İtirazın iptali davası, borçlunun itirazının hükümsüz kılınarak, itiraz ile duran ilâmsız takibe konu olan alacağın varlığının saptanarak, icra takibinin devam etmesini (ve bu suretle, takip konusu alacağın borçludan alınmasını) sağlamak amacı ile açılır. Başka bir deyişle; “itirazın iptali davasında, “alacaklının, itirazın kendisine tebliğinden itibaren bir yıl içinde, borçlunun itiraz ettiği alacağın tespiti ve itirazın iptali (ve ayrıca alacağın ödetilmesi) dileğiyle açtığı bir davadır.
Bu davanın niteliğinin ne olduğu gerek doktrinde ve gerekse uygulamada duraksama konusu olmuştur.

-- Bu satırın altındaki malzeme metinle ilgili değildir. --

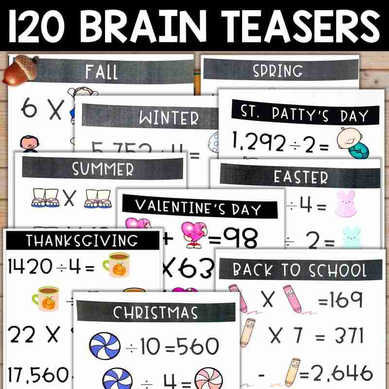 Give your 4th and 5th grade students a full year of meaningful math enrichment with the Multi-Digit Multiplication and Division Brain Teasers Bundle. Inside, you’ll find 120 holiday-themed logic puzzles that stretch problem-solving skills, strengthen fluency with multi-digit operations, and keep students motivated from August through June. Each set is print-and-go or ready to project digitally, with answer keys and recording sheets included—so you can add them to your routine with no prep.

Doktrine egemen olan görüşe göre; “bu dava normal bir e d a (alacak = tahsil) davasıdır. Çünkü; “itirazın iptali‟ talebi zorunlu olarak „alacağın tahsili‟ talebini de kapsar...” Buna karşın diğer bir görüşe göre ise, “itirazın iptali davası bir ,eda davası‟ olmadığı gibi, dava sonunda itirazın iptaline dair verilecek ilâm da bir ,tahsil ilâmı‟ değildir. Çünkü, itirazın iptali davası ile, alacaklı mahkemeden borçlunun bir edaya mahkûm edilmesini istememekte ve mahkeme de itirazın iptaline karar vermekle, borçluyu bir edaya mahkum etmemektedir. Ancak, itirazın iptali davası ve ilâmının, yargılama giderlerine ve eğer talep edilmişse, icra inkâr tazminatına ilişkin kısmi bir ,eda (tahsil) davası ve ilâmı’dır. İtirazın iptali davası bir “tesbit davası‟ niteliğindedir. Bu görüş önce, “eda (tahsil) davasının, zorunlu olarak alacağının tesbiti istemini de içereceği, bu nedenle, itirazın iptali davasının eda davası niteliğinde sayılması gerektiği” Şeklinde eleştirilmiş daha sonra da; “itirazın iptali davasının mevzuu evvelemirde, ödeme emriyle istenilen alacağın hüküm altına alınması olacaktır. Alacağın varlığını ortaya koyacak dava, tesbit davası olduğu kadar alacağın tahsili davası olabilecektir” denilmiştir.